◆ WHAT NEEDS TO BE DONE: Leave the images aside and repeat the whole listing exactly.

*** Opening of DATA ***

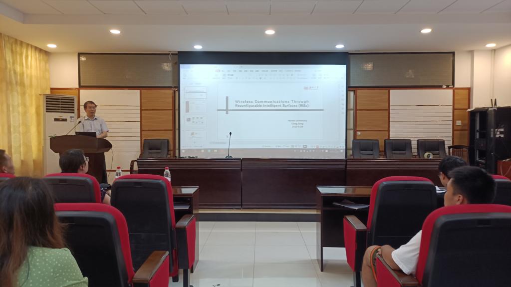 6月29日下午3点,理科楼B-311,湖南大学杨亮教授受邀为计算机与通信工程学院做了一场题为“可重构智能表面技术辅助的无线通信系统研究”的报告。报告主要就RIS技术的应用问题,介绍课题组的一些研究工作。学院部分师生听取了报告。
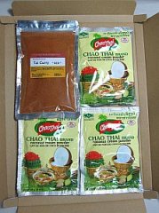 コリアンダー(モロッコ)、パプリカ、クミン、赤唐辛子、乾燥エビ、チキンコンソメ、帆立パウダー、ブラックペッパー、野菜パウダー(ニンジン、キャベツ、ホウレン草、トマト)、食塩、バイマックル、ガランガル、オニオン、ガーリック、レモングラス、パクチー、ナンプラー、(一部に小麦・大豆・鶏肉を含む)
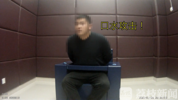 我苏网讯 1月24日晚,无锡市公安局惠山分局陆区派出所民警对一名酒后闹事男子醒酒。不料,该男子不仅不配合,还称“我刚从武汉回来,还得了病”,竟然对着民警哈气吐口水。

*** Close of DATA ***

◆ WRITTEN SOLUTION:
 6月29日下午3点,理科楼B-311,湖南大学杨亮教授受邀为计算机与通信工程学院做了一场题为“可重构智能表面技术辅助的无线通信系统研究”的报告。报告主要就RIS技术的应用问题,介绍课题组的一些研究工作。学院部分师生听取了报告。
 コリアンダー(モロッコ)、パプリカ、クミン、赤唐辛子、乾燥エビ、チキンコンソメ、帆立パウダー、ブラックペッパー、野菜パウダー(ニンジン、キャベツ、ホウレン草、トマト)、食塩、バイマックル、ガランガル、オニオン、ガーリック、レモングラス、パクチー、ナンプラー、(一部に小麦・大豆・鶏肉を含む)
 我苏网讯 1月24日晚,无锡市公安局惠山分局陆区派出所民警对一名酒后闹事男子醒酒。不料,该男子不仅不配合,还称“我刚从武汉回来,还得了病”,竟然对着民警哈气吐口水。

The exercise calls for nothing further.